_Task item_: Write out, word for word and with no pictures, each line below from the one containing "金风科技16MW海上风电机组" through the one containing "3年生で学習する書写に挑戦し、進級への思いを高めています。", both included, and no other line.

_Source material_:
*** Block opens ***

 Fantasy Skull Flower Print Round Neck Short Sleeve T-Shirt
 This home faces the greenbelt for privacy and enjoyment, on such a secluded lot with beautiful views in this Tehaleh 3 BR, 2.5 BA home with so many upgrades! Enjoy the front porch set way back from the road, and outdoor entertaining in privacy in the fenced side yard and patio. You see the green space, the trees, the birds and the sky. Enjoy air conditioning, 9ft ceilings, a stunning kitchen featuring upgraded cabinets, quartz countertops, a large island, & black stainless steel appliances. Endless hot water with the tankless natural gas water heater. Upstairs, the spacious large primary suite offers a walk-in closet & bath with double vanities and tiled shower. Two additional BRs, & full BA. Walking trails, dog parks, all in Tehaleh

*** Block closes ***
*** Block opens ***

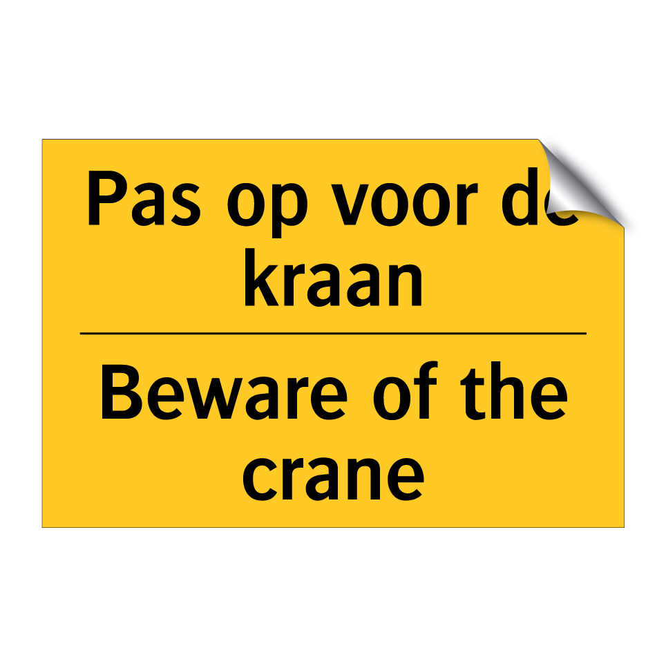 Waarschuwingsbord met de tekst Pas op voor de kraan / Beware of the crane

*** Block closes ***
*** Block opens ***

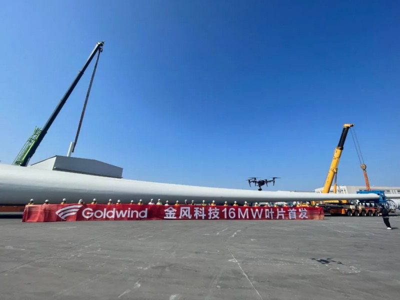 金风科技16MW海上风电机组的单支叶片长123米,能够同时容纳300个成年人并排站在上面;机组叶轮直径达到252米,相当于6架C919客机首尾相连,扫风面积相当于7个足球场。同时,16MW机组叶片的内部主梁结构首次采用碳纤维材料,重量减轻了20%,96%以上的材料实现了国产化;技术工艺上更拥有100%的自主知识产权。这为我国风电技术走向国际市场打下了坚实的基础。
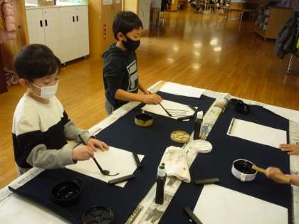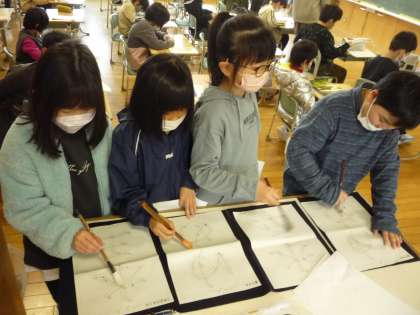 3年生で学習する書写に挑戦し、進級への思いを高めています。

*** Block closes ***

_Solution to this task_:
 金风科技16MW海上风电机组的单支叶片长123米,能够同时容纳300个成年人并排站在上面;机组叶轮直径达到252米,相当于6架C919客机首尾相连,扫风面积相当于7个足球场。同时,16MW机组叶片的内部主梁结构首次采用碳纤维材料,重量减轻了20%,96%以上的材料实现了国产化;技术工艺上更拥有100%的自主知识产权。这为我国风电技术走向国际市场打下了坚实的基础。
 3年生で学習する書写に挑戦し、進級への思いを高めています。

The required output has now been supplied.